This ‘biogeochemical’ mooring has been deployed into the Shackleton polynya. Polynyas are regions of open water surrounded by sea ice. Polynyas are ecologically significant, supporting a variety of marine life, including algae, plankton, and larger animals. As winter-time ‘sea ice factories’ producing dense water that sinks, polynyas also play an important role in ocean circulation and heat exchange with the atmosphere.


Why a mooring?
One of the hardest variables to observe in the ocean are ocean currents. That is because the ocean moves in ‘layers’, and the ocean surface does not necessarily move as the ocean bottom does. So remote sensing is not useful for us in this context. We need to go on a ship and measure ocean velocity directly. We combine ocean heat content with velocity to calculate ocean heat transport, and thus, basal melt rates: the rate at which ice shelves melt from below due to contact with warmer ocean water.

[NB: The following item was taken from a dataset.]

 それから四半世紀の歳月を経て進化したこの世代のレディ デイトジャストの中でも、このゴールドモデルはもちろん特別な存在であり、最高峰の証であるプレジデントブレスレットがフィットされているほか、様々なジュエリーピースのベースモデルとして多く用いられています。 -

We’ve known for some time that the Southern Ocean is driving the observed Antarctic ice mass loss (e.g. Pritchard et al., 2012). So, any changes in the Southern Ocean circulation and heat content will affect how much and how fast Antarctica will contribute to sea level rise by 2100 and beyond.
Circumpolar Deep Water is an important ocean layer in this story. It upwells from the deep Southern Ocean towards Antarctica, and because it is salty and dense, it flows along the deepest parts of the seafloor that extend under the ice shelves.

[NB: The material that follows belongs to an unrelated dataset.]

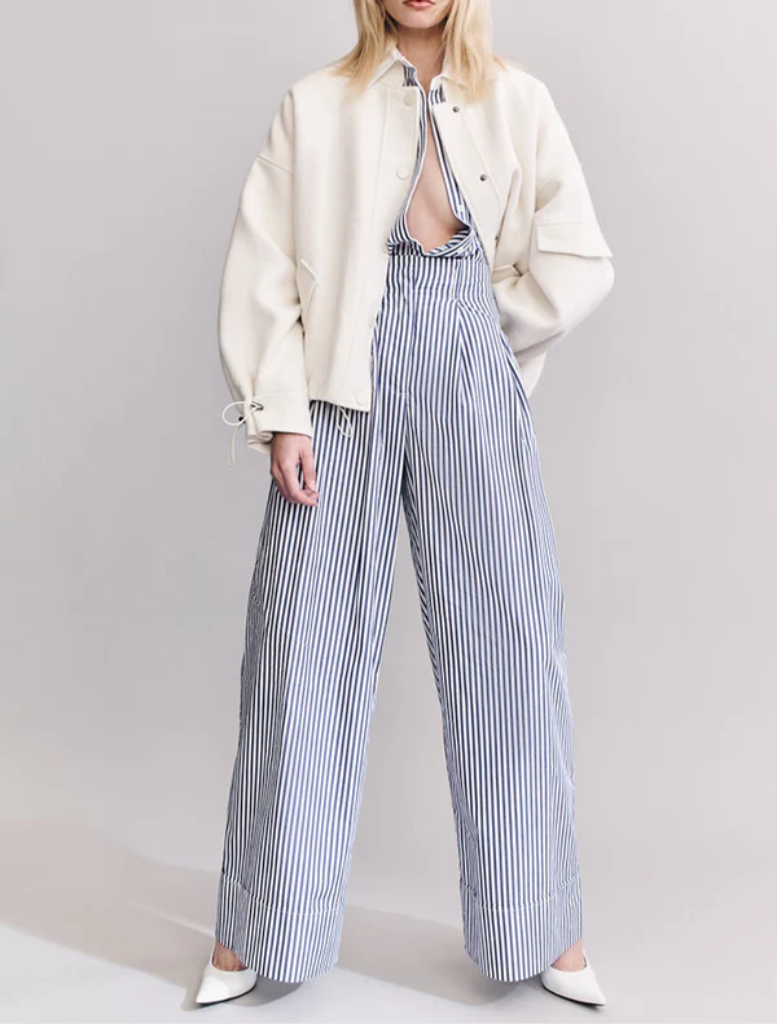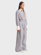 High-waisted relaxed pants in a Nautical Stripe cotton shirting.

We know that Circumpolar Deep Water is responsible for the current West Antarctic ice mass loss. For East Antarctica, we know Circumpolar Deep Water has warmed up to 3oC and is now 100-200 km closer to the continent than 50 years ago (Herraiz Borreguero and Naveira Garabato, 2022).
Thus, if we are to understand how the Antarctic Ice Sheet will respond to current climate warming, we need to document how Circumpolar Deep Water interacts with Antarctica over time, and what the impact of such interaction is to Earth’s climate system (e.g. Li et al., 2023).
Not surprisingly then, during this voyage we’ve deliberately targeted areas where we’ve found the flows of Circumpolar Deep Water are dominant.


Deployment
We chose a day of very good weather to deploy two moorings. But in Antarctica, everything can change rapidly, so we kind of expect things to vary in one way or another. And that’s exactly what happened!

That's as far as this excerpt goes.